Carlos Cortes referiu ainda que os sectores privado e social são muito importantes no sistema de saúde, mas salientou que o pilar dos cuidados de saúde em Portugal é o “Serviço Nacional de Saúde e tem de continuar a ser”. Realçou também que uma PPP é um modelo de gestão muito diferente do implementado nas Unidades Locais de Saúde (ULS) com gestão pública, onde “há uma grande falta de autonomia e regras burocráticas e administrativas muito pesadas, que dificultam muito que possam contratar médicos”. Perante isso, o que “seria importante era começarmos todos a reflectir em termos de modelos de gestão das ULS que possam ter igualdade de circunstâncias com as PPP e uma maior agilidade na sua gestão dos hospitais e dos centros de saúde”, defendeu o bastonário.
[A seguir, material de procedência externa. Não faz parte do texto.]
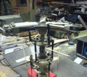Этот вертолет строился около 20 -лет тому назад когда модельных гироскопов еще не придумали. Двигатель, если мне память не изменяет 10 кубов, автомат перекоса - копия ка-50 (с небольшими изменениями). Торсионы изготовлены из торсионов от того-же ка-50. Это все что я скажу. Автор этого вертолета не велел выкладывать информацию, поэтому увы…

A medida já foi criticada pela Federação Nacional dos Médicos (FNAM) que considera que a opção escolhida por Ana Paula Martins é “ineficiente” e que coloca em causa os serviços de urgências ao entregá-los a entidades interessadas no “lucro”. A presidente da FNAM, Joana Bordalo e Sá, afirmou à TSF que os modelos de PPP são “ineficiantes e desequilibrados”, recordando uma consideração semelhante pelo Tribunal de Contas. “Se no passado construíram hospitais de raiz em zonas carenciadas, no presente, o que a população corre o risco de ver é a gestão de instituições que sempre foram públicas, que são nossas, entregues a entidades privadas, cujo objectivo principal é apenas o lucro”, disse a dirigente sindical.